Snapchat: A surge in usage and direct-response advertisers
The broad advertiser pullback hasn’t affected Snap as badly as other media owners. Why? Snap benefited from a jump in users in the third-quarter as people flocked to play with its animated Lenses and keep in touch with loved ones they’d been kept apart from during lockdowns. Daily active users grew 20% to 229 million and the company said “communication with friends” increased by over 30% in the last week of March compared to the last week of January.
Direct-response advertising now accounts for more than half of the company’s revenue and the Snap has lots of clients in sectors like gaming, e-commerce and consumer packaged goods, which have continued spending throughout the crisis. Revenue in Snap’s first quarter rose 44% to $462.5 million.
Still, given the uncertainty around coronavirus, the company said it couldn’t provide second-quarter guidance.
Twitter: Ad tech issues
As tends to happen during major news events, Twitter’s user growth jumped in the March quarter as people raced to check the latest coronavirus-related news updates.
But despite a 9% uptick in daily users (to 166 million,) revenue only rose 2.6% in the first quarter to $807.6 million and the company posted an $8.4 million loss.

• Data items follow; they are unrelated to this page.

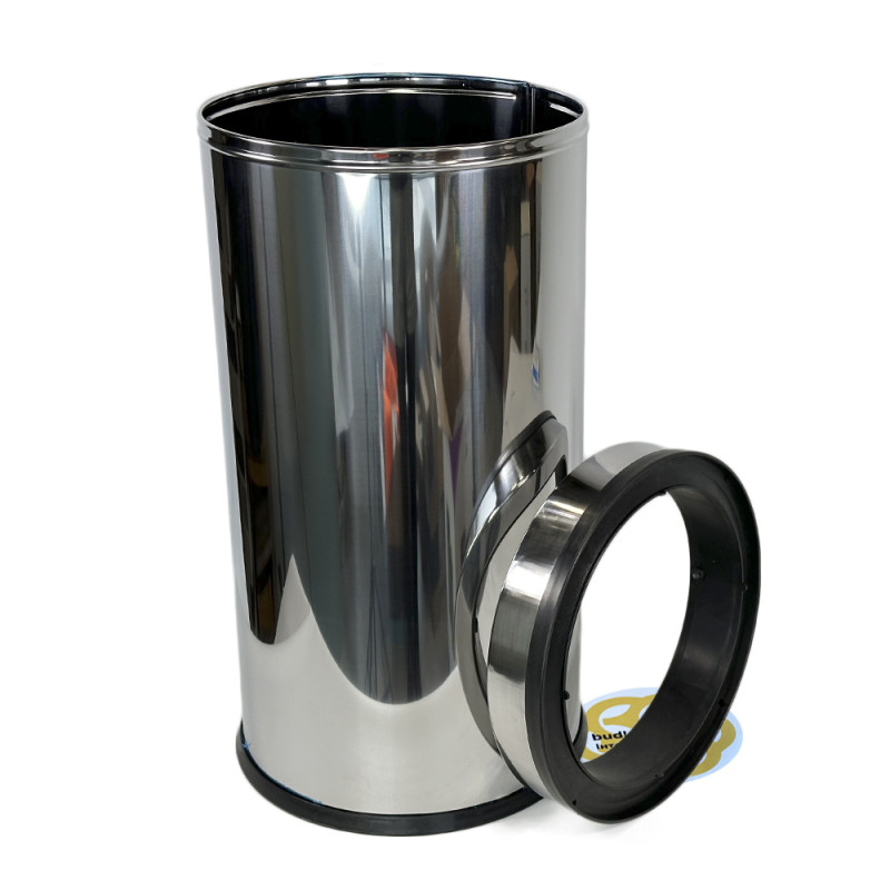 Відро та обідок виготовлені з нержавіючої сталі марки AISI 430. Кришка може служити фіксатором для пакету для сміття.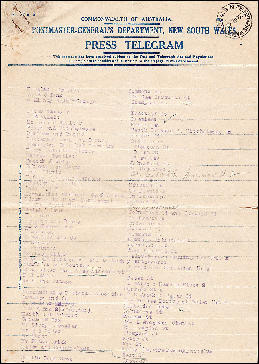 COMMONWEALTH OF AUSTRALIA above POSTMASTER-GENERAL's DEPARTMENT, NEW SOUTH WALES.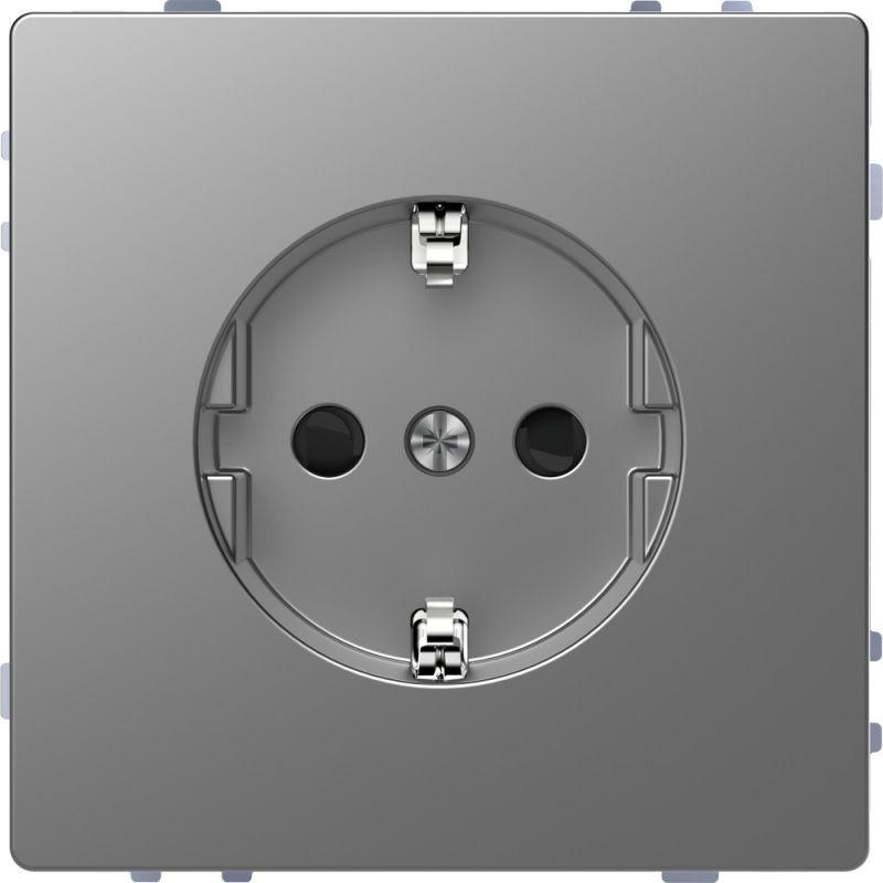Розетка 1-м СП Merten D-Life 16А IP20 с заземл. защ. шторки винт. клеммы SD нерж. сталь SchE MTN2400-6036

Many of its advertisers are in the entertainment business, or build their activity around live sports, which are clearly currently on pause. Relative to its competitors, Twitter doesn’t have as big of a direct-response advertising business. The company said it’s working to improve its mobile application promotion products. It’s also rebuilding its ad server, which should be ready by the end of the second quarter. The company didn’t provide a second-quarter revenue or profit forecast.